During the past year, people have revisited former celebrity crushes, as reflected in revived cult attention to series like The Sopranos and frenzied coverage of 2000s icons like Britney Spears and Paris Hilton. Simultaneously new stars have been born with increasing attention to TikTokers like Elsa Majimbo, Addison Rae, and Boman Martinez-Reid, and publications like The Cut and Teen Vogue profiling mutual aid activists and thereby rocketing them to fame. As unlikely as it may have seemed pre-pandemic, Dr. Anthony Fauci even became the object of polarizing obsession. A 2020 article in The Atlantic titled “America is Thirsty for Anthony Fauci” described the proliferation of Twitter accounts, such as @FauciFan, posting youthful photos of the president’s chief medical advisor with “#thirsttrap.”

Whereas the underlying aim of a non-celebrity crush is typically developing affection into a reciprocal relationship, A-list crushes enjoy Peter Pan lives in the Neverland of imagination. Rarely intended to be consummated, celebrity crushes encourage projection without the baggage of questioning our own worthiness or appeal. Furthermore, celeb crushes invite us to think and feel beyond logistical constraints. You can crush on 1980s Cher, early-2000s Beyoncé, or a mid-2010s Alan Cumming in a clip from The Graham Norton Show—er, that last example may be a niche affinity. Scarcity also ceases to be an issue as crushing on famous people can be a catalyst for sharing facts, photos, and observations sans the hindrances of modesty or traditional relationship goals. 

Too often dismissed as frivolous, indulging in the fantasy of a crush can reveal untapped aspects of our own personalities. At the very least, the dopamine hit, or the rush of happiness we experience during the early butterflies-meet-nausea stage of a crush, feels like an opportunity for self-care. Crushes can be aspirational, too. Lately I’ve had a crush on the musicians Angel Olsen and Hand Habits singing a Tom Petty cover in a YouTube video. Both artists are compelling, but my crush is really on them singing together and on the hopes of sharing such a warming collaboration one day.

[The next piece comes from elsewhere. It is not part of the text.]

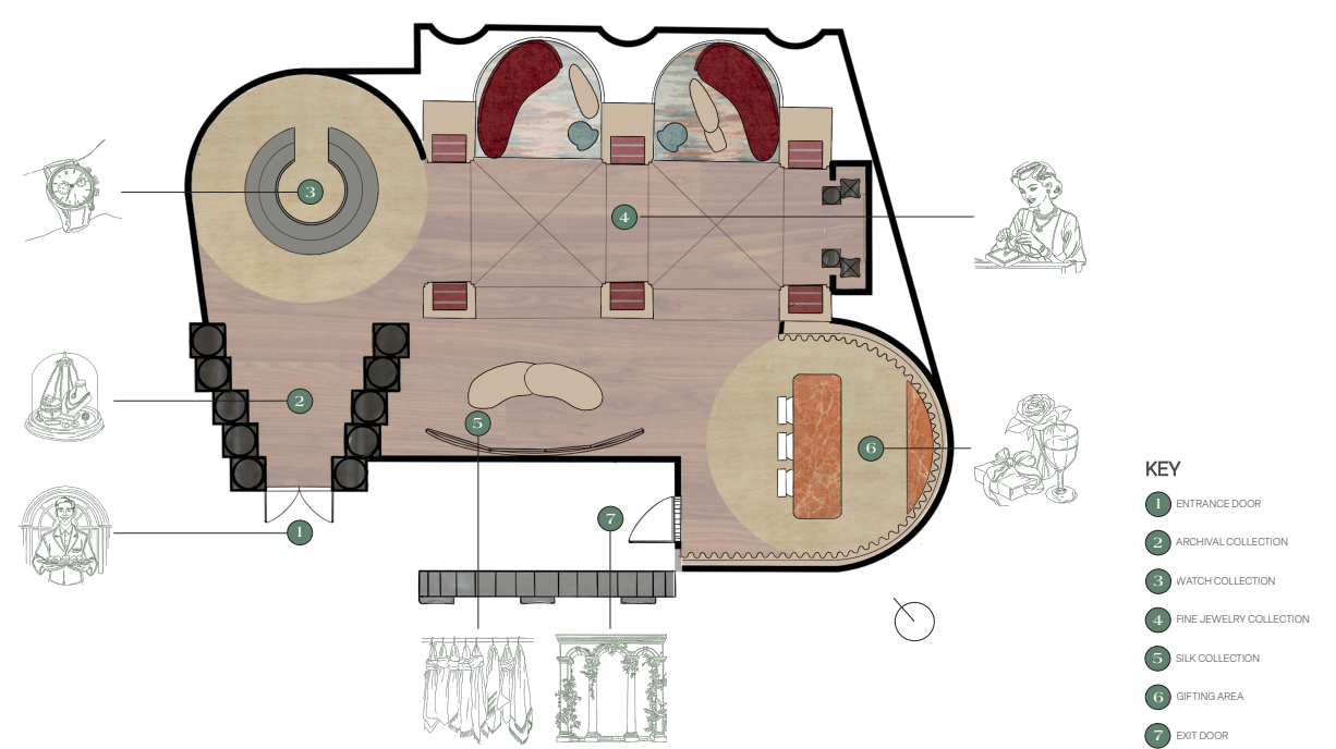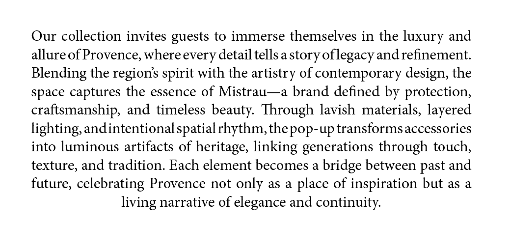Created as part of a collaborative studio course, Mistrau reimagines a luxury fashion brand’s seventy-fifth anniversary through a pop-up experience set within the historic Pierre Cardin Quarry in Lacoste, France. This project explores the intersection of retail storytelling and spatial design, using the site’s carved stone landscape to frame a narrative of renewal and legacy. Designed as one of five interconnected pavilions, the Non-Leather Accessories space serves as an intimate showcase of craftsmanship, inviting guests to engage with jewelry, scarves, and fine accessories that embody the art of Provençal refinement. The design honors the brand’s origin as a protector against the region’s mistral winds, transforming that symbolism into a setting where materials, light, and form act as metaphors for preservation and transformation. Through intentional layering of textures and choreographed movement, Mistrau presents the accessories collection not simply as retail display, but as a sensory journey celebrating the enduring heritage and innovation of Provence.

As wide swaths of the public find comfort in conversations about crush-worthy figures, the lines between stanning, admiring, and desiring blur. If this summer’s plethora of adoring social media posts about Timothée Chalamet at Cannes, or Naomi Osaka pre-Tokyo Olympics, are any sign of what’s to come, it seems clear that celebrity crushes will continue to trend in 2022. As objects of our individual and collective affections, celebrities symbolize traits we dream of being in proximity with or embodying ourselves. For now, as parts of the world cautiously return to “regular” life, celebrities lead the ever-idiosyncratic way. And whether we love them entirely or just admire parts of their personas, there is an undeniable levity to the ultimate unrequited crush.